Barely a week seems to pass without HM Revenue and Customs (HMRC) receiving criticism from some quarter or other. Whether all of the complaints are justified is open to debate. The most recent criticism comes courtesy of the House of Lords. A committee from the second chamber labelled HMRC’s overall communications strategy as muddled and inept.
So what’s the basis for this accusation? How has HMRC failed to communicate effectively? Well, the House of Lords Economic Affairs Committee says although ‘important and imminent’ changes that are about to be introduced to the way savings and dividends are taxed; HMRC has failed to adequately notify UK taxpayers about the changes. In fact it went so far as to say that the majority of taxpayers had no idea that any changes were on the cards at all. The Committee said the changes were complex, confusing and poorly communicated to taxpayers, and it labelled the tax authority’s overall communications strategy as “inadequate”.
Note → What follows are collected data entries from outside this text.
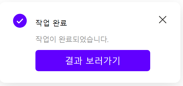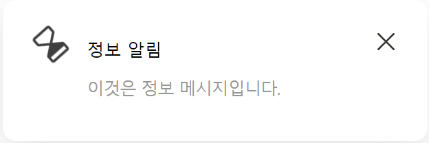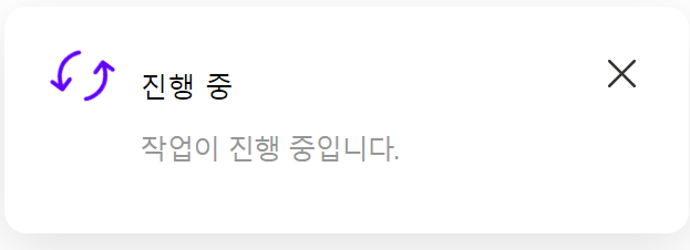 디자인이 중간에 수정되면서 Alert 컴포넌트가 생겼다. 코드를 분석할 때 alert으로 상태를 표시하고 프로그래스 바를 파일 아래로 옮겨 디자인이 간소화되었다. 정보알림이라고 이름이 붙은 alert를 보면 모래시계가 기울여져 있는데, 이 속성은 animate-spin으로 돌아가도록 지정했다. 원래 정보알림은 대기중에 해당하는 alert인데, storybook용으로 만들었기에 저렇게 설정되어 있다.
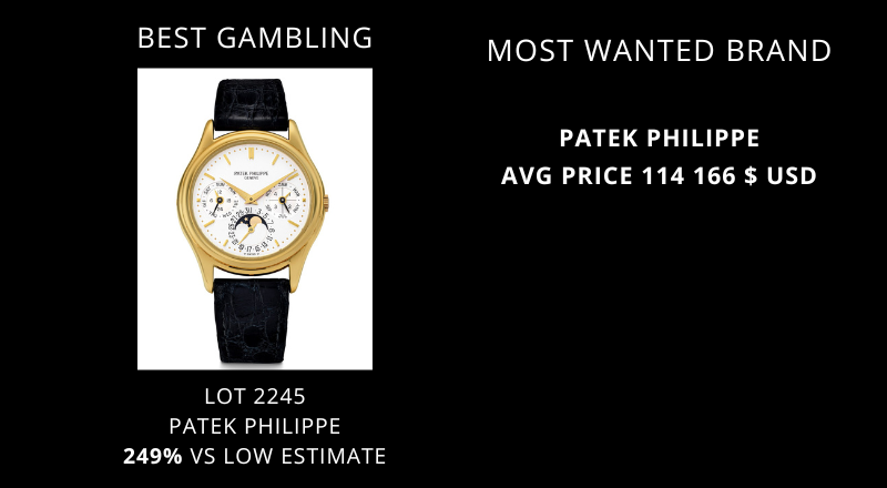 lot 2245: Patek Philippe vers 1989 – an extremely rare 18k gold automatic perpetual calendar wristwatch with moon phases, 24-hour and leap year indication 249% de variation entre l’estimation base et le résultat final (89 827$ usd)
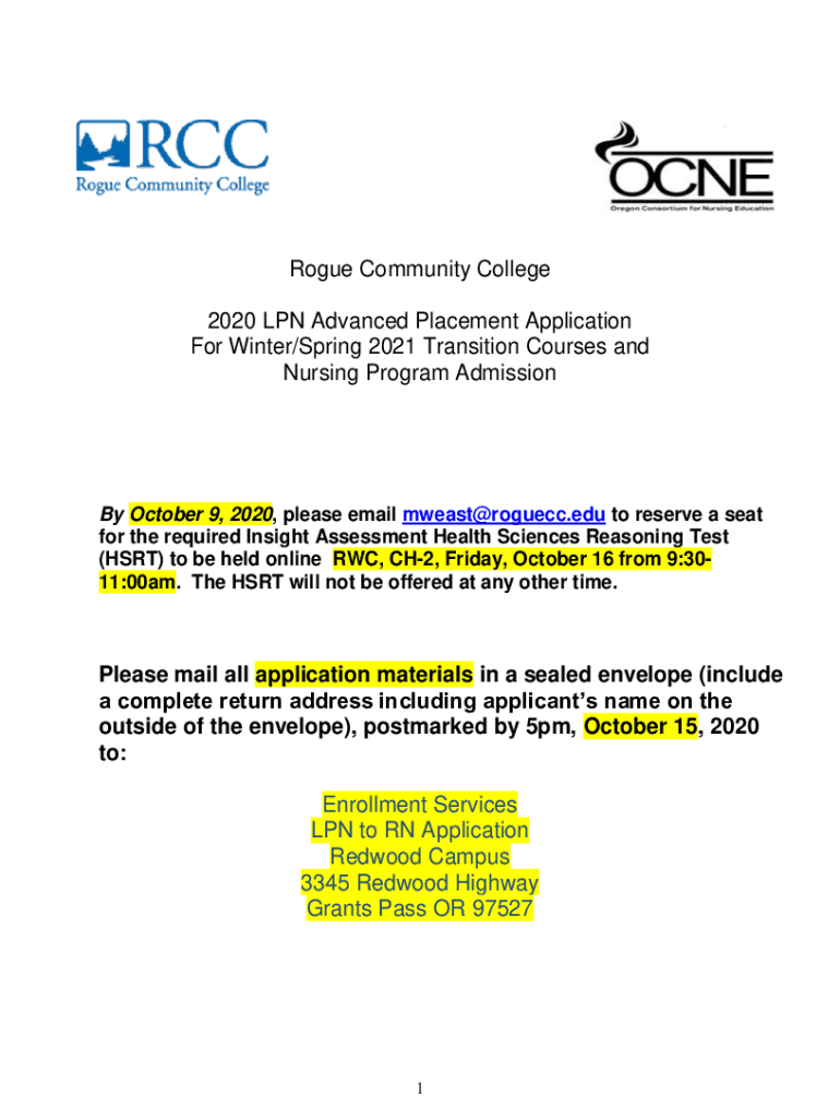 Rogue Community College 2020 LPN Advanced Placement Application For Winter/Spring 2021 Transition Courses and Nursing Program Admission October 9, 2020, please email mweast@roguecc.edu to reserve
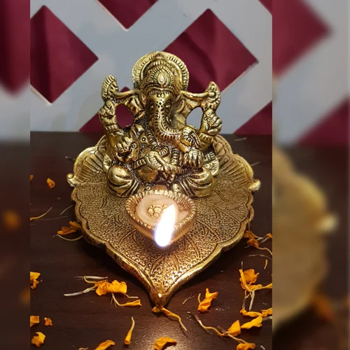 โกลเด้นออกซิไดซ์โบราณโลหะ Patta พระพิฆเนศกับ Deepak เชิงเทียนสําหรับตกแต่งเทียนตกแต่ง Diwali

So what exactly are these ‘imminent’ changes? Well, one of the main reforms on the horizon is the abolition of the automatic tax deduction by banks on interest earned on savings. Currently banks deduct tax from most interest earned. When the changes finally come into force, it will become the saver’s responsibility to notify the authority about any interest earned.
The Committee said not only were most taxpayers unaware of this change; they were also unaware about whether they would be required to submit a tax return to pay tax to HMRC on future interest earned. The Committee also re-enforced the more general concerns expressed by accountants about the overall complexity of the UK tax system, and the growing burden placed on individual taxpayers to keep up with HMRC compliance.
The Committee called for a more transparent communication strategy between HMRC and taxpayers, and said that the Government must do more to demonstrate how it is delivering a simpler, more efficient taxation system. A public awareness campaign led by HMRC in partnership with banks, building societies and other financial institutions is one of the ideas that has already been mooted
Speaking about the House of Lords Economic Affairs Committee’s findings, its chairman, Lord Hollick, said:
“Changes to how we are taxed can have a huge impact on financial planning, including savings and pension arrangements.”
“A great many savers will have no idea that from April they may for the first time have to check whether they need to report or pay tax on interest they have received, rather than have their bank deduct the tax they owe.”